**Requirement**
Beginning with the line that contains "die Jugendweihe-Karten für" in the material below, print each line exactly until the line that contains "Setaţi <Fus orar>" has been printed, then stop.

**Exercise input**
╔══

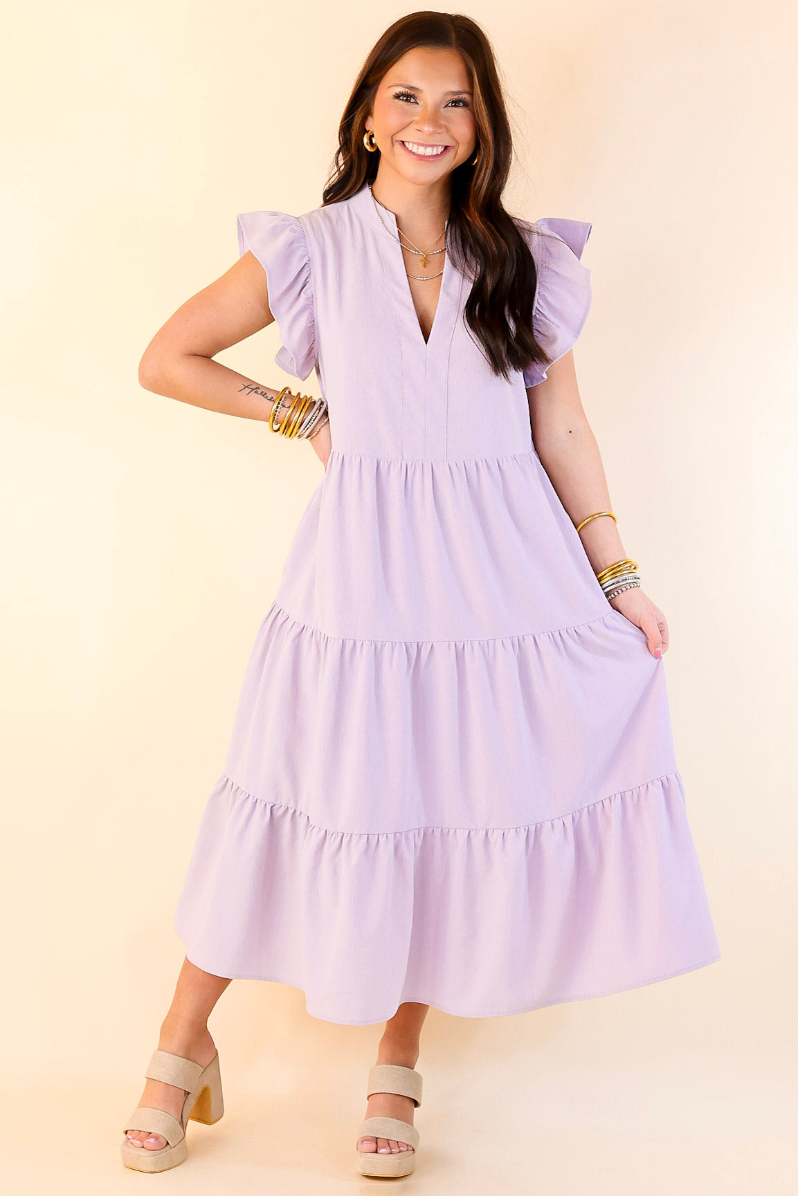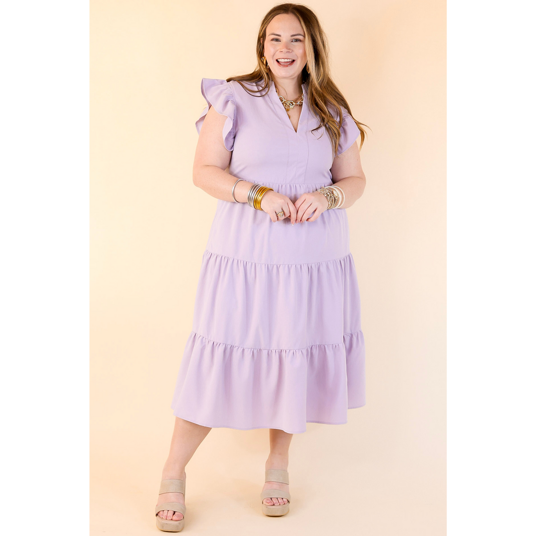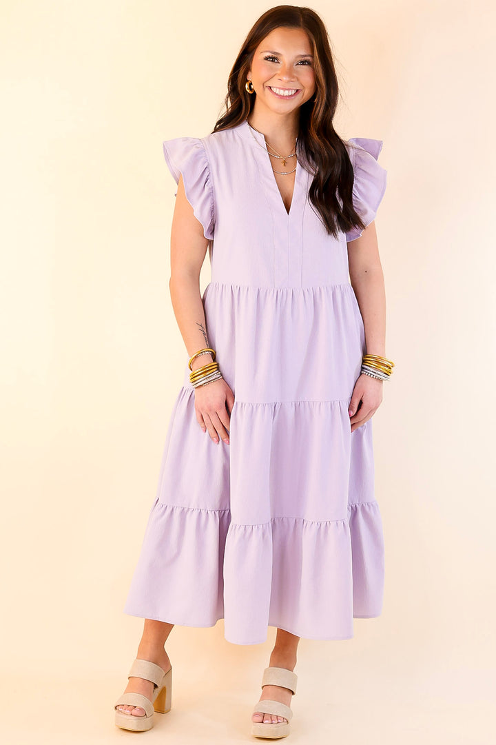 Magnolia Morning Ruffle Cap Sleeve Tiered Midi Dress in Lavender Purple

╚══
╔══

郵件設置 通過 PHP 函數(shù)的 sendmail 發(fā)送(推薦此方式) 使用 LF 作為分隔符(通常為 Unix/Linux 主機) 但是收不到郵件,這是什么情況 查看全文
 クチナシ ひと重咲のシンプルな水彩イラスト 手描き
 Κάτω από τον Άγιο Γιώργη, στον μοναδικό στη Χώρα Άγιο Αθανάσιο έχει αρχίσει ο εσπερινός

╚══
╔══

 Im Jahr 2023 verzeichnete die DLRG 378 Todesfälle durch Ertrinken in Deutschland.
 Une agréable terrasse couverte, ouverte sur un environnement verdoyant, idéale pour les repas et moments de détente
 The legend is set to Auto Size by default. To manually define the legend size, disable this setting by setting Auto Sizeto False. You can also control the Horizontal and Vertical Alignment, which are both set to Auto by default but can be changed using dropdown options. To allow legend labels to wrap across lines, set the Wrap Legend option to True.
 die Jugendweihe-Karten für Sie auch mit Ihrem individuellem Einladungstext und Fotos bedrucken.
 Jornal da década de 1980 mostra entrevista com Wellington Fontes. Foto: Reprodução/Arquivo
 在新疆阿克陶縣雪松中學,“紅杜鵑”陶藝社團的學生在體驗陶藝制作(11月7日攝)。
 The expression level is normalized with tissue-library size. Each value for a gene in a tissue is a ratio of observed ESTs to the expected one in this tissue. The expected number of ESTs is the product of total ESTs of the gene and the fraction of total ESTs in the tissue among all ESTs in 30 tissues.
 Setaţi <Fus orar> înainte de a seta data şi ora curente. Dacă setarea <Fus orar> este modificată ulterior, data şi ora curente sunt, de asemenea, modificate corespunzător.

╚══

**Exercise output**
 die Jugendweihe-Karten für Sie auch mit Ihrem individuellem Einladungstext und Fotos bedrucken.
 Jornal da década de 1980 mostra entrevista com Wellington Fontes. Foto: Reprodução/Arquivo
 在新疆阿克陶縣雪松中學,“紅杜鵑”陶藝社團的學生在體驗陶藝制作(11月7日攝)。
 The expression level is normalized with tissue-library size. Each value for a gene in a tissue is a ratio of observed ESTs to the expected one in this tissue. The expected number of ESTs is the product of total ESTs of the gene and the fraction of total ESTs in the tissue among all ESTs in 30 tissues.
 Setaţi <Fus orar> înainte de a seta data şi ora curente. Dacă setarea <Fus orar> este modificată ulterior, data şi ora curente sunt, de asemenea, modificate corespunzător.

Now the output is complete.